--- Description of the task ---
The result should be the lines from the one holding "Es wurde jedoch" to the final line of the records below, repeated exactly and with no pictures.
————
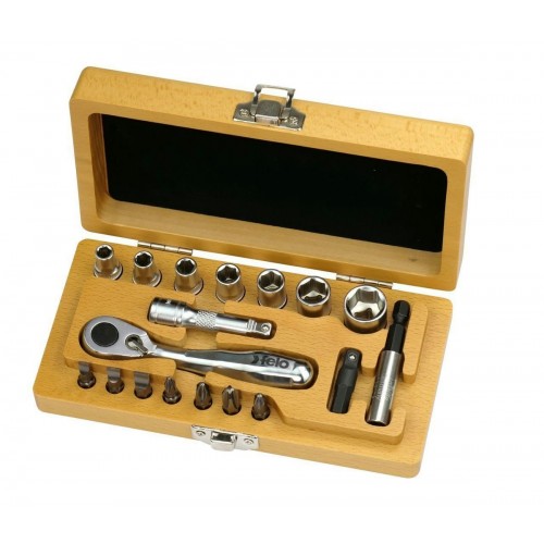 Felo Набор головок и бит с трещоткой и держателем бит в деревянном кейсе предназначен для работы со многими видами крепежа. Состав набора: мини-трещотка 1/4", 7 головок: 5 мм/ 5,5 мм/ 6 мм/ 7 мм/ 8 мм/ 10 мм/ 13 мм/, 7 бит длинной 25 мм и размерами SL 4,5x0,6 / 5,5х1,0/ 6,5x1,2/ PH1/ PH2/ PH3/ PZ2, удлинитель 50 мм 1/4" - 1/4", переходник C 6,3 - 1/4" (25 мм) и битодержатель E6,3 x 58 мм.
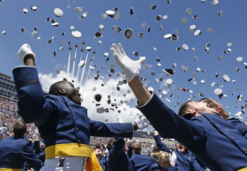 Sarah Hedgecock5/29/14 10:23am341EditPromoteDismissUndismissHideGo to permalinkAir Force Academy graduates throw their caps into the air as F-16 jets from the Thunderbirds make a flyover at the completion of the graduation ceremony at the U.S. Air Force Academy in Colorado on Wednesday. Image via Brennan Linsley/AP.
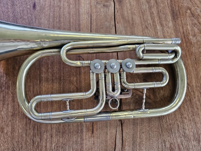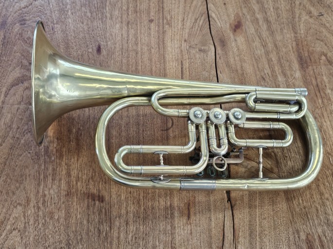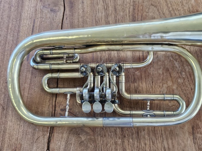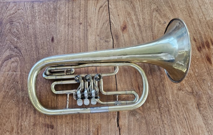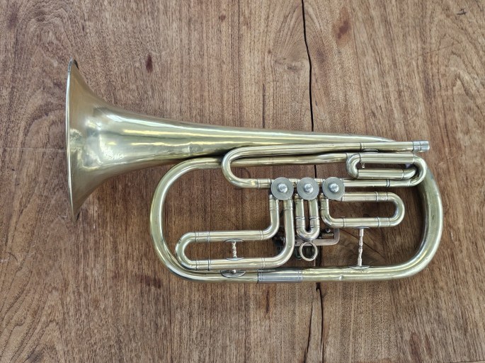 Es wurde jedoch vollständig überprüft, gewartet und ist spielbereit. Der Klang ist warm und typisch für ein Bassflügelhorn. Eine interessante Gelegenheit für Sammler oder Musiker, die ein besonderes Instrument suchen.
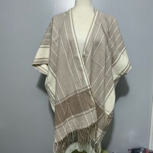 Ann Taylor Loft Womens XS/S Oversized Beige Tan Fringe Poncho Sweater
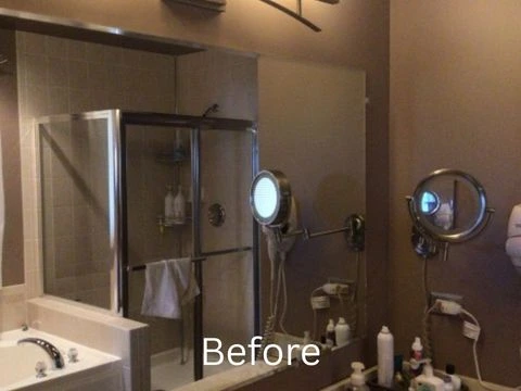 At Crockett Construction, we recently transformed a dated Tinley Park, IL bathroom into a serene, modern oasis, breathing new life into a space that had long outgrown its original charm. The original setup featured a cramped shower-tub combo enclosed by a bulky framed door, an underutilized jacuzzi tub, and a double vanity with outdated oak cabinets and beige tiling that absorbed light, making the room feel dim and confined. Our clients envisioned a brighter, more functional retreat, and that’s where our interior design services shine—collaborating closely to blend their personal ideas with our professional expertise. By incorporating timeless trends, we ensured the renovation would stand the test of time, moving away from the dark, enclosed feel to an open, inviting layout that maximizes natural light and space.
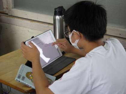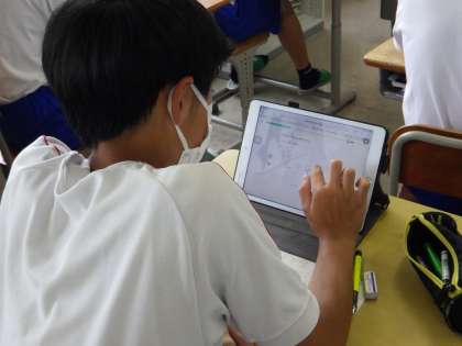 22学級のデジタルドリル教材【AI型教材Qubena(キュビナ)】を活用した朝の学習の様子です。
————
--- Task output ---
 Es wurde jedoch vollständig überprüft, gewartet und ist spielbereit. Der Klang ist warm und typisch für ein Bassflügelhorn. Eine interessante Gelegenheit für Sammler oder Musiker, die ein besonderes Instrument suchen.
 Ann Taylor Loft Womens XS/S Oversized Beige Tan Fringe Poncho Sweater
 At Crockett Construction, we recently transformed a dated Tinley Park, IL bathroom into a serene, modern oasis, breathing new life into a space that had long outgrown its original charm. The original setup featured a cramped shower-tub combo enclosed by a bulky framed door, an underutilized jacuzzi tub, and a double vanity with outdated oak cabinets and beige tiling that absorbed light, making the room feel dim and confined. Our clients envisioned a brighter, more functional retreat, and that’s where our interior design services shine—collaborating closely to blend their personal ideas with our professional expertise. By incorporating timeless trends, we ensured the renovation would stand the test of time, moving away from the dark, enclosed feel to an open, inviting layout that maximizes natural light and space.
 22学級のデジタルドリル教材【AI型教材Qubena(キュビナ)】を活用した朝の学習の様子です。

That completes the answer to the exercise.